Publication Date

Spring 2020

Committee Members

Patricia McGirr - Chair, Department of Landscape Architecture & Regional Planning Michael Davidsohn - Member, Department of Landscape Architecture & Regional Planning Robert Ryan - Member, Department of Landscape Architecture & Regional Planning


The United States is the world’s leader in incarceration with 2.2 million people currently in the nation’s prisons and jails. On average, one-third of former offenders will return to prison for re-offence within three years of their release (Bureau of Justice Statistics 2018). This cycle is known as recidivism, and demonstrates a major reflection of the criminal justice system’s failure to provide rehabilitation that meets the needs of the incarcerated population. However, horticultural therapy in prison may offer a sliver of hope. Also referred to as Green Prison Programs (GPPs), studies indicate that participants in these programs gain valuable job skills and improved emotional well-being, reducing the likelihood of former offenders returning to criminal behavior after imprisonment (Jiler 2006, Khatib & Krasny 2015, Insight Garden Program 2019). Furthermore, growing interest in the application of thoughtfully designed landscapes integrating principles in restorative environments reveals similar benefits not only to offenders, but to correctional staff and visitors (Stevens, et al. 2018).
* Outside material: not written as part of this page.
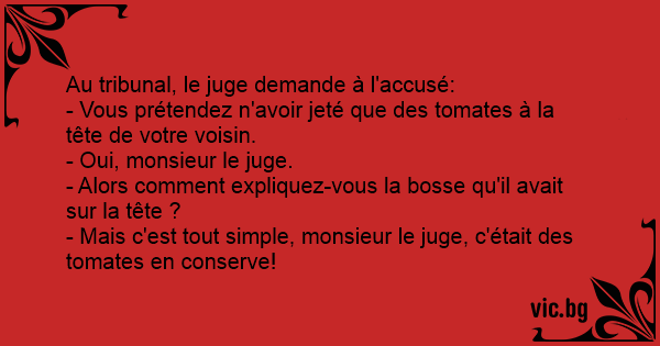 - Mais c'est tout simple, monsieur le juge, c'était des tomates en conserve!
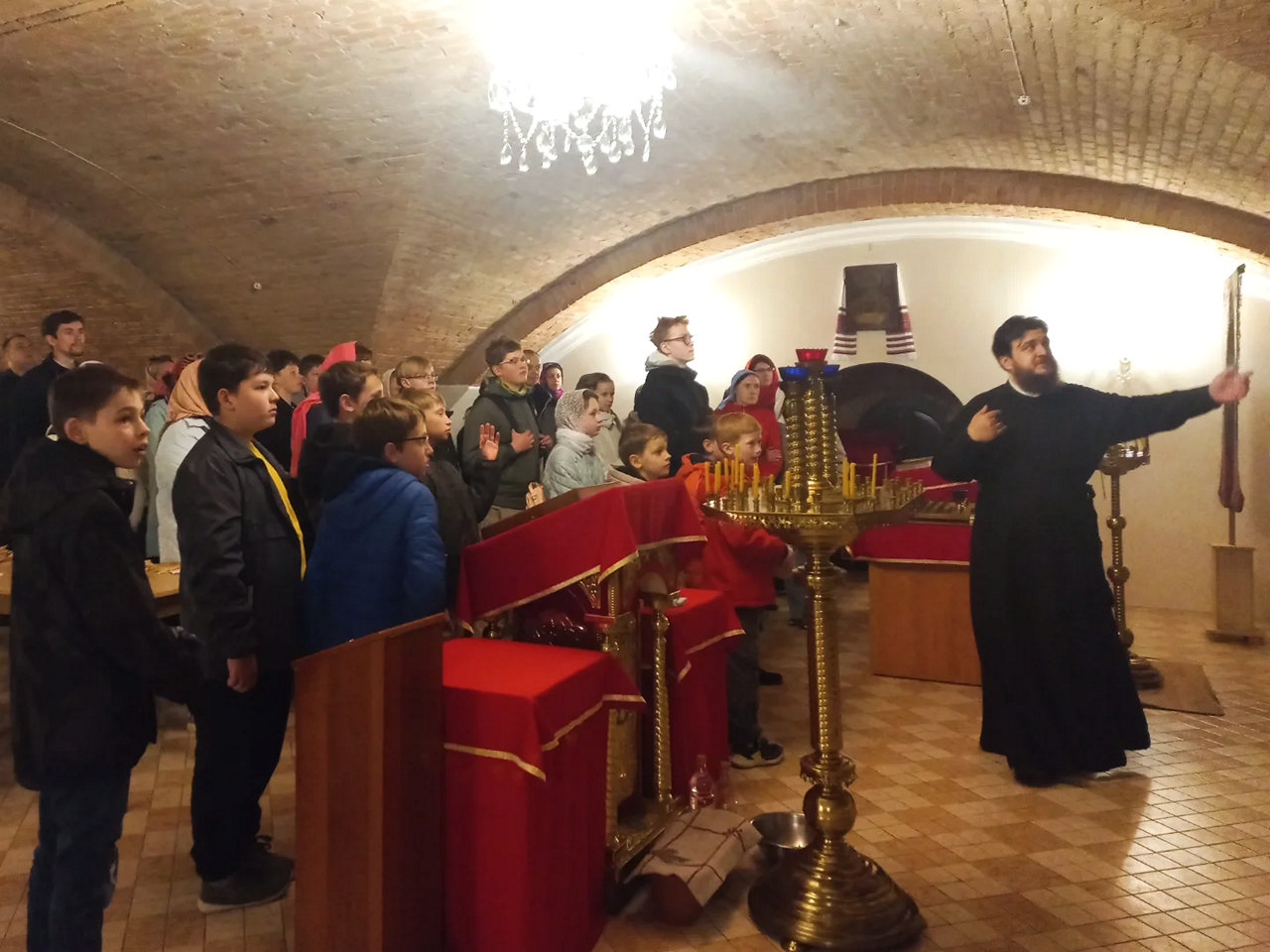 Во время посещения Свято-Симеоновского кафедрального собора диакон Михаил рассказал ребятам и родителям о житии преподобномученика Афанасия, игумена Брестского, к мощам которого все смогли приложиться, а также об истории храма и о святынях, находящихся в его стенах.  Все с интересом слушали и задавали интересующие вопросы.

This project synthesizes current trends at the intersection of landscape architecture, restorative environments, and prison reform, and offers a series of adaptable design recommendations aimed to benefit all who experience the correctional landscape. In collaboration with the Massachusetts Department of Corrections (MA DOC), the Massachusetts Correctional Institution of Framingham (MCI-F) serves as a demonstration site for the application of these recommendations at both a master plan scale and 3-acre focus area. Community engagement with MCI-F inmates and staff, coupled with analysis of case studies reveals normative design and trauma-informed design strategies as an added layer of consideration for designers. Foundational to this project is environmental justice and human dignity, which asserts the belief that despite the crimes of convicted offenders, people in jail deserve access to the benefits of spending time in nature. Although landscape architecture cannot solve the social and political issues that have led to mass incarceration in the U.S., this project demonstrates how landscape architects can play a pivotal role in helping inmates and correctional officers experience the personal and societal benefits of thoughtfully designed landscapes.